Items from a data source
☆ ☆ ☆
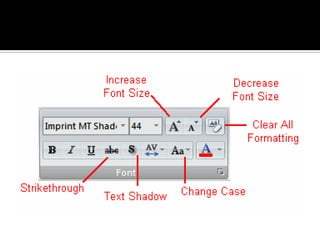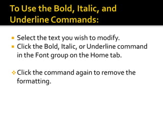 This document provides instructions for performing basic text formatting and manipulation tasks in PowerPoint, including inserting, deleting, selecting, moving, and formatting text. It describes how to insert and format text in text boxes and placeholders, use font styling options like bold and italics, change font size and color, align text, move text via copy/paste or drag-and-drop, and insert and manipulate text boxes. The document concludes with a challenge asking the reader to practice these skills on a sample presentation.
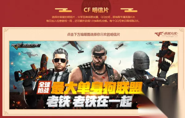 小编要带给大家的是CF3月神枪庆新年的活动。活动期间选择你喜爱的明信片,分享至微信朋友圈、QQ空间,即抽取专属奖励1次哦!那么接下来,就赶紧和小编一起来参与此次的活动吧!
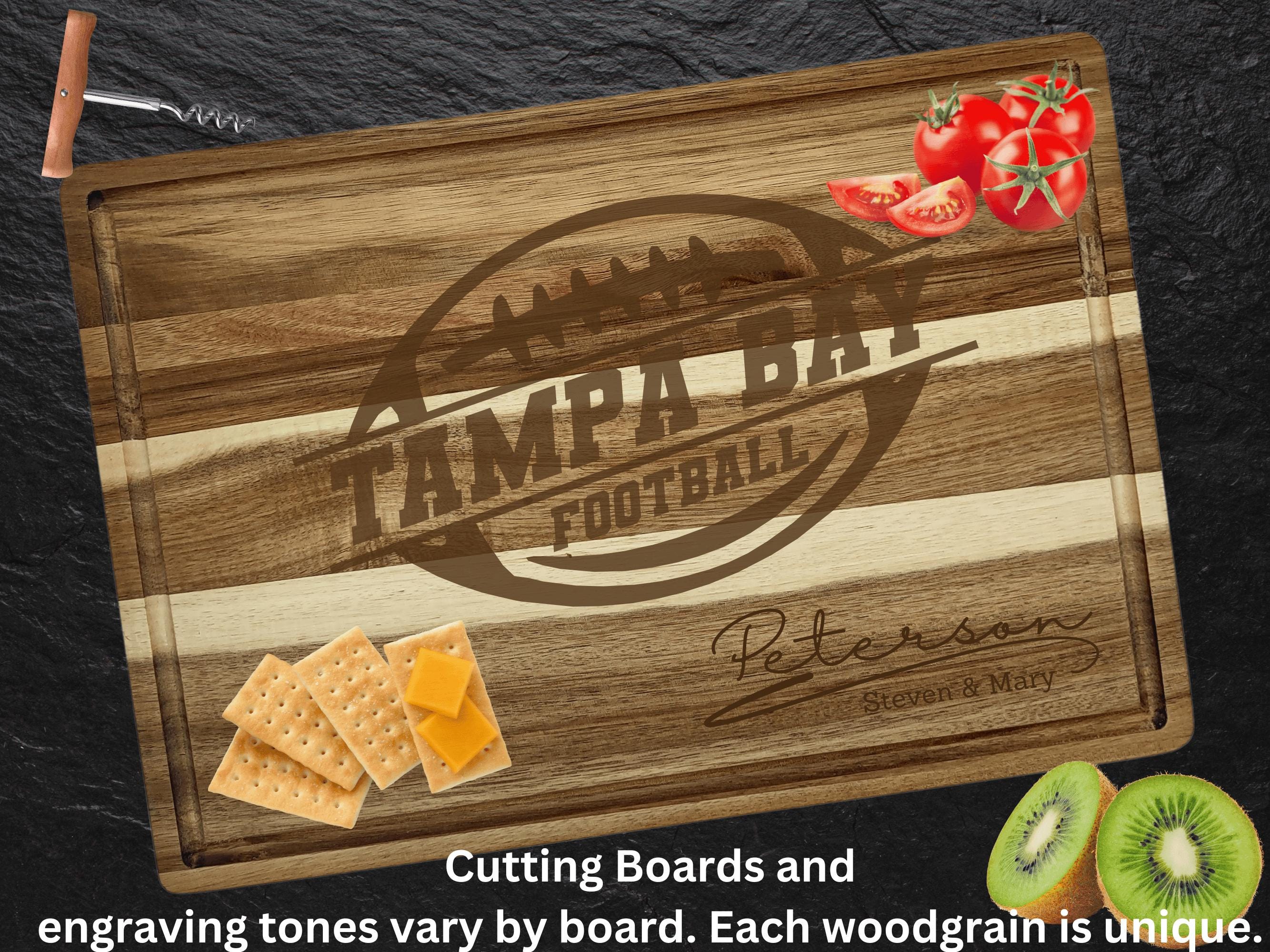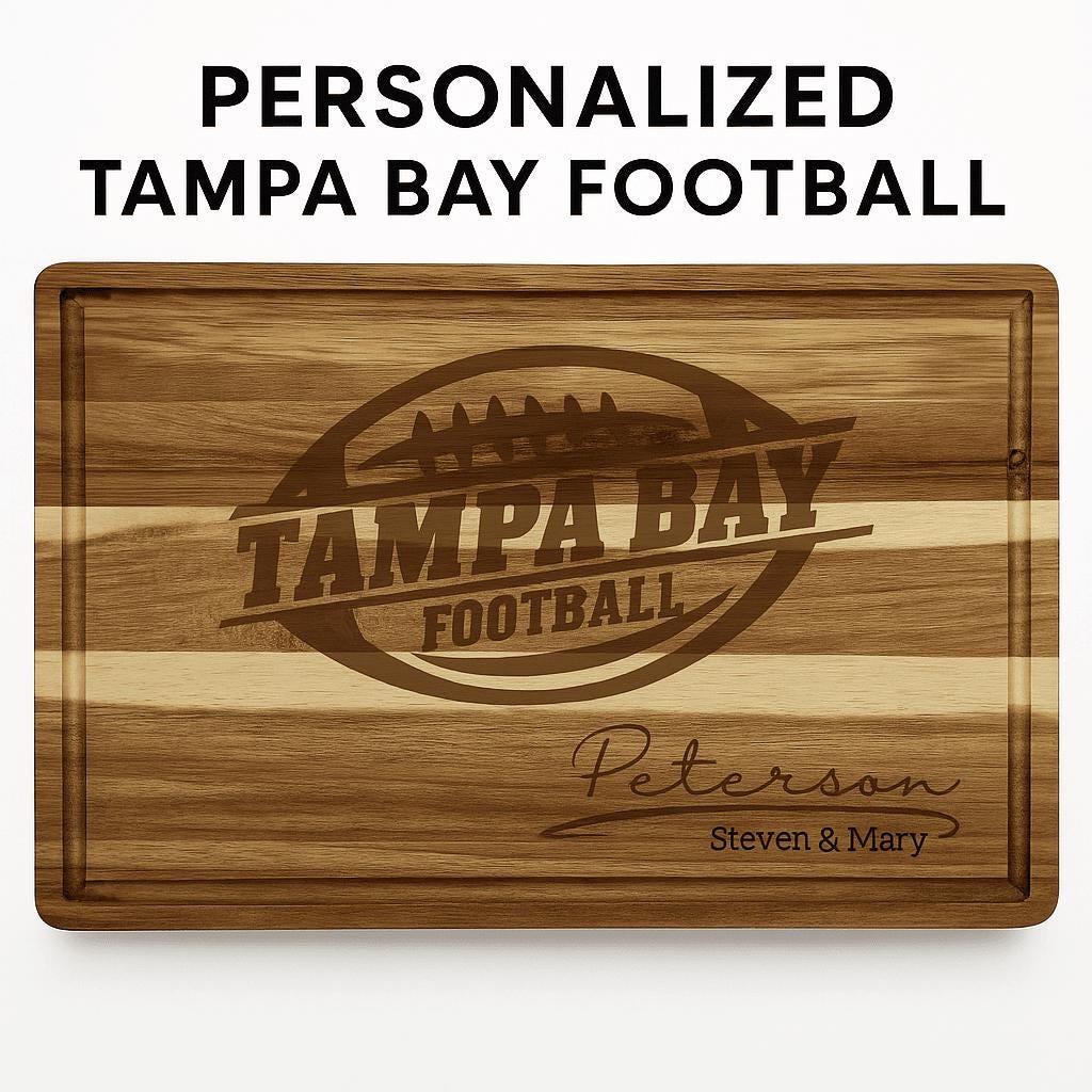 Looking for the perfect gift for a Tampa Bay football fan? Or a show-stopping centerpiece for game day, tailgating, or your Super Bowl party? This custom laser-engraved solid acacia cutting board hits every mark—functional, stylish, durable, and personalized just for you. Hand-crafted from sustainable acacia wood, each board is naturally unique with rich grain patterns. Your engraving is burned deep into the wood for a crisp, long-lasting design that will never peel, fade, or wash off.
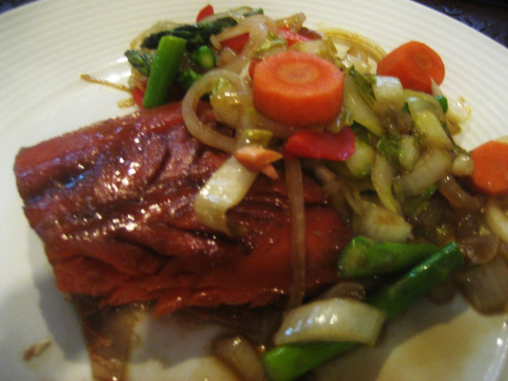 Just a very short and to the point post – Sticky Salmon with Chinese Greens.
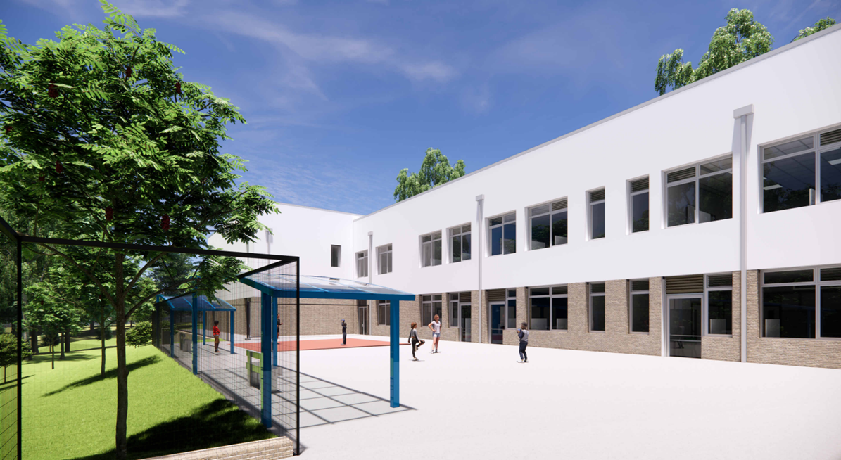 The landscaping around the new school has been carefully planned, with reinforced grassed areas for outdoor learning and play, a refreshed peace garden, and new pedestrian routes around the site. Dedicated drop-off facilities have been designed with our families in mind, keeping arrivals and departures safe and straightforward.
☆ ☆ ☆
- [What is required]: Reproduce the data above in full, exactly, with the images removed.

- [Answer to this problem]:
 This document provides instructions for performing basic text formatting and manipulation tasks in PowerPoint, including inserting, deleting, selecting, moving, and formatting text. It describes how to insert and format text in text boxes and placeholders, use font styling options like bold and italics, change font size and color, align text, move text via copy/paste or drag-and-drop, and insert and manipulate text boxes. The document concludes with a challenge asking the reader to practice these skills on a sample presentation.
 小编要带给大家的是CF3月神枪庆新年的活动。活动期间选择你喜爱的明信片,分享至微信朋友圈、QQ空间,即抽取专属奖励1次哦!那么接下来,就赶紧和小编一起来参与此次的活动吧!
 Looking for the perfect gift for a Tampa Bay football fan? Or a show-stopping centerpiece for game day, tailgating, or your Super Bowl party? This custom laser-engraved solid acacia cutting board hits every mark—functional, stylish, durable, and personalized just for you. Hand-crafted from sustainable acacia wood, each board is naturally unique with rich grain patterns. Your engraving is burned deep into the wood for a crisp, long-lasting design that will never peel, fade, or wash off.
 Just a very short and to the point post – Sticky Salmon with Chinese Greens.
 The landscaping around the new school has been carefully planned, with reinforced grassed areas for outdoor learning and play, a refreshed peace garden, and new pedestrian routes around the site. Dedicated drop-off facilities have been designed with our families in mind, keeping arrivals and departures safe and straightforward.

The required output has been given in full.